Exercise details —
An exact copy of the data is required; the images should not appear in it.

Data excerpt —
=====
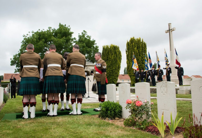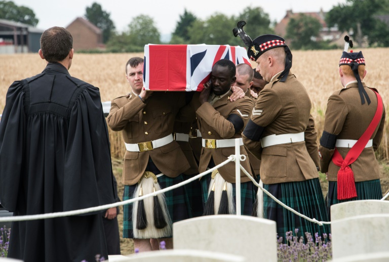 Lors de l'enterrement, une quinzaine de soldats de la Black Watch, habillés en kilt, ont tiré des salves, tandis que les hymnes anglais et français ont retenti après des poèmes et des prières en l'honneur de cet engagé volontaire, tué à 29 ans par une mine.
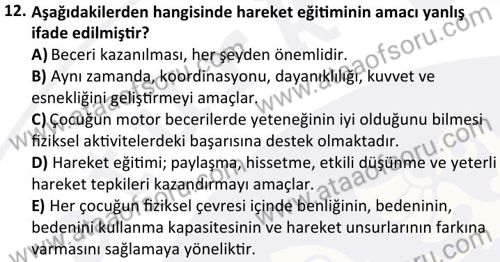 Temel Hareket Eğitimi Dersi 2025-2026 Güz Dönemi Ara Sınavı Çıkmış Sınav Soruları ve Çözümleri
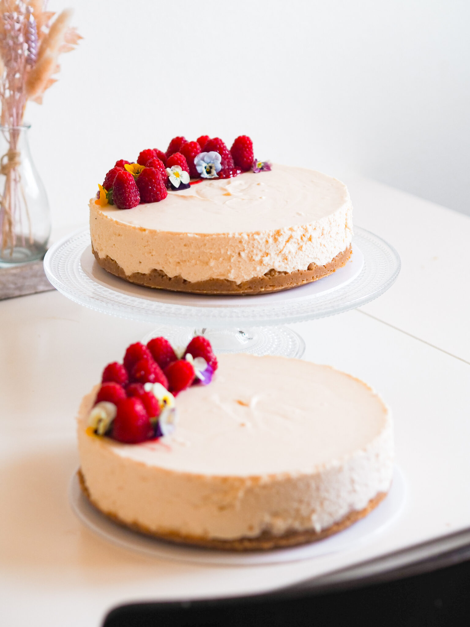 Tein kakut hyvin tarkkaan toiveiden mukaan. Maku toiveena oli raparperi-valkosuklaa ja koristeeksi toivottiin syötäviä kukkia ja marjoja. Mielstäni niistä tuli kaikessa yksinkertaisuudessaan todella kauniit. Jälkeen päin sain kiitoksia ja kehuja. Kakut olivat maistuneet ja menneet viimeistä murua myöten. Mikä on ehkä paras palaute, mitä voin saada.
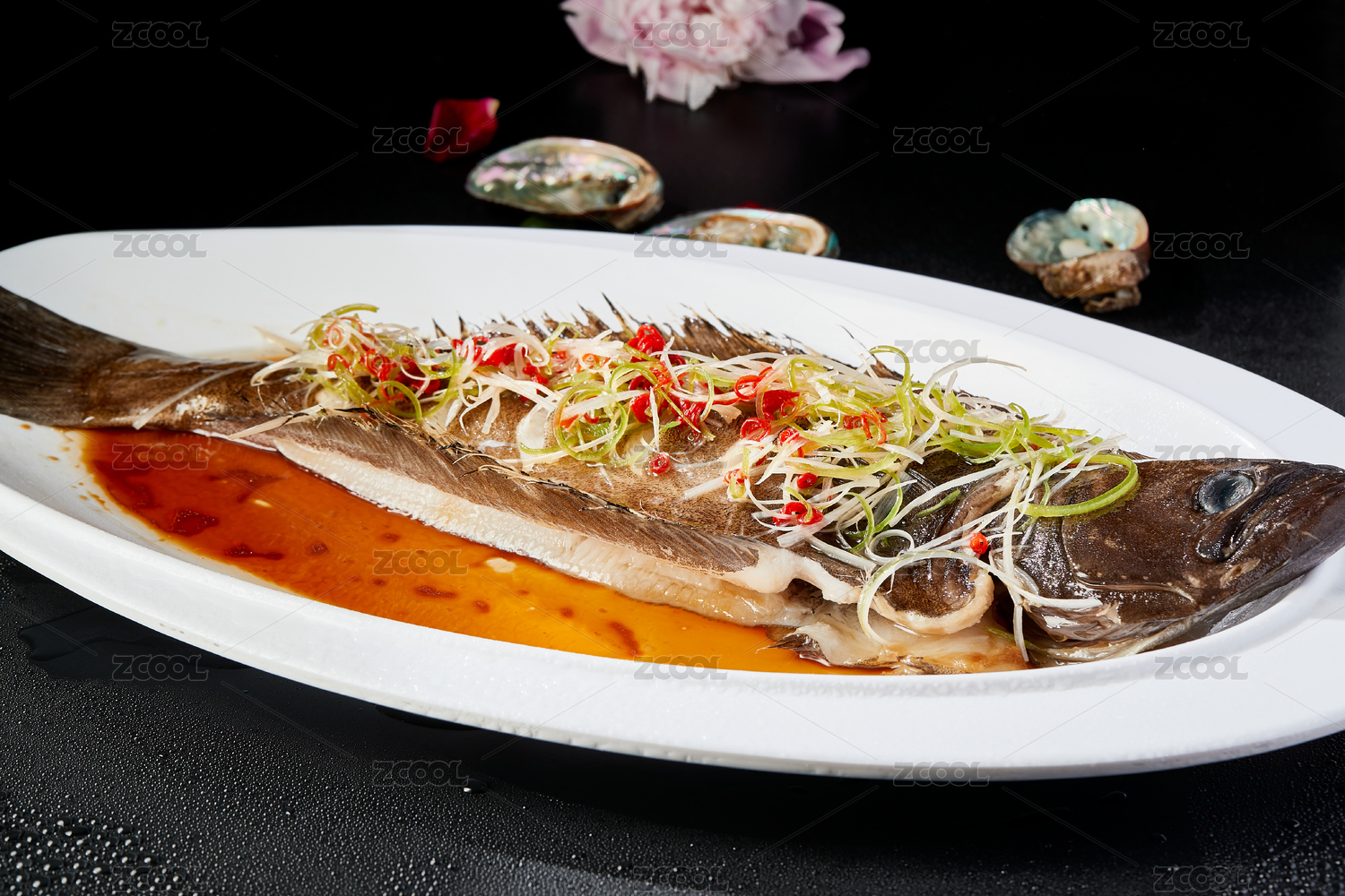 白盘里的粤菜广式葱丝耗汁清蒸鱼
=====
Solution for this problem —
 Lors de l'enterrement, une quinzaine de soldats de la Black Watch, habillés en kilt, ont tiré des salves, tandis que les hymnes anglais et français ont retenti après des poèmes et des prières en l'honneur de cet engagé volontaire, tué à 29 ans par une mine.
 Temel Hareket Eğitimi Dersi 2025-2026 Güz Dönemi Ara Sınavı Çıkmış Sınav Soruları ve Çözümleri
 Tein kakut hyvin tarkkaan toiveiden mukaan. Maku toiveena oli raparperi-valkosuklaa ja koristeeksi toivottiin syötäviä kukkia ja marjoja. Mielstäni niistä tuli kaikessa yksinkertaisuudessaan todella kauniit. Jälkeen päin sain kiitoksia ja kehuja. Kakut olivat maistuneet ja menneet viimeistä murua myöten. Mikä on ehkä paras palaute, mitä voin saada.
 白盘里的粤菜广式葱丝耗汁清蒸鱼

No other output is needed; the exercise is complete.